Can We Prevent Carpel Tunnel?

Carpal Tunnel

 

Carpal tunnel syndrome (CTS) is the most common of the many “entrapment neuropathies”— nerve pinches in the arms or legs—likely because we use our hands and fingers repetitively for long time frames at work and during many of our hobbies. In addition, the wrist is a very complicated joint because it’s not a simple ball-and-socket or hinge, like the hip, elbow, or knee.

 
The wrist is made up of eight small “carpal” bones that are all shaped very differently and fit together a bit like a puzzle.
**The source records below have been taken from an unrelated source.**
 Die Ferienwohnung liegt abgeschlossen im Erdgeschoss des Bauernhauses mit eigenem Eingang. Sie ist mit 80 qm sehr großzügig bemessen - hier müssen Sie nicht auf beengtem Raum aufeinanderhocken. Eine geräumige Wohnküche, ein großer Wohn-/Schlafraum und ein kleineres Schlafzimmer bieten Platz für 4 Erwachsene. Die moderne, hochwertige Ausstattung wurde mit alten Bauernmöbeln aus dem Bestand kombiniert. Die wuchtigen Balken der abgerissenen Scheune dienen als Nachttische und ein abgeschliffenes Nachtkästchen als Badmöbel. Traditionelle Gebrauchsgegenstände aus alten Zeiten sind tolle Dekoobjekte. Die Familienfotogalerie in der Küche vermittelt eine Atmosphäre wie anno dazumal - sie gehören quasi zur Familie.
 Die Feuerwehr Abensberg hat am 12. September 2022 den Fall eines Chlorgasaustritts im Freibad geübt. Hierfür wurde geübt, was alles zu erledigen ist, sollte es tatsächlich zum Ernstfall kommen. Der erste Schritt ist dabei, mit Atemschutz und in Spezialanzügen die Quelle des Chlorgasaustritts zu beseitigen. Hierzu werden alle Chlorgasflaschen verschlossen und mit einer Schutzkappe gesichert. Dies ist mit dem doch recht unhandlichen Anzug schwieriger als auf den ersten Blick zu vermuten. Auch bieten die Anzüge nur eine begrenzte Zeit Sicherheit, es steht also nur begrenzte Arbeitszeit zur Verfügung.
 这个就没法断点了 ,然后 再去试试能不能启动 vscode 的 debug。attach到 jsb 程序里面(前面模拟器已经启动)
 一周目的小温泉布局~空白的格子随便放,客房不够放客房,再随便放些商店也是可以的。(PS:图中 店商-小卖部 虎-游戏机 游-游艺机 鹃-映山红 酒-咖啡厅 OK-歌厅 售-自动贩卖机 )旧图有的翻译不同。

These eight bones are lined up in two rows of four bones that form the “roof“ of the tunnel.

 
The shape of the tunnel changes with different activities, and the contents within the tunnel have to accommodate for this. Nine of the tendons that allow the hand to move the fingers also travel through the tunnel. Look at the palm-side of your wrist as you wiggle your fingers. See all the activity going on there? The median nerve travels through the tunnel as well, just under the “floor”, which is a very strong ligament that stretches from the pinky to the thumb-side of the tunnel.

 
Virtually ANY condition that increases the pressure inside the already tightly packed tunnel can create CTS symptoms like numbness, tingling, burning, etc. Over time, grip strength may weaken, causing one to accidentally drop objects.

 
To add to the causation list of CTS, conditions like obesity, pregnancy, diabetes, hypothyroid, rheumatoid arthritis (and other “arthropathies”), taking birth control pills (BCPs), and more can cause CTS without any increase in hand/wrist activities!
So HOW can we prevent CTS?

 

First, consider your job and your “workstation.” There are ergonomic keyboard and mouse options that can help you maintain a “neutral” wrist posture. If you have to bend your wrist a lot to do your work tasks—like placing items in a package, assembly work, etc.—see if you can change the angle of the package or assembly set up that allows your wrist to be straight, NOT BENT! Also, sit/stand up straight, chin tucked back, and DON’T SLOUCH!

 
A “night splint” forces the wrist to stay straight and can REALLY help! Managing your weight and health (manage your diabetes, thyroid, and medications that increase swelling like BCPs) is VERY important! There are also natural anti-inflammatory vitamins and herbs like ginger, turmeric, and bioflavonoid you may want to consider—your doctor of chiropractic can help you with this!

 
Chiropractors can manage CTS very well and can frequently help patients avoid the need for a surgical release. The “KEY” is to not wait—get treated early on!

 

Happy World Spine Day!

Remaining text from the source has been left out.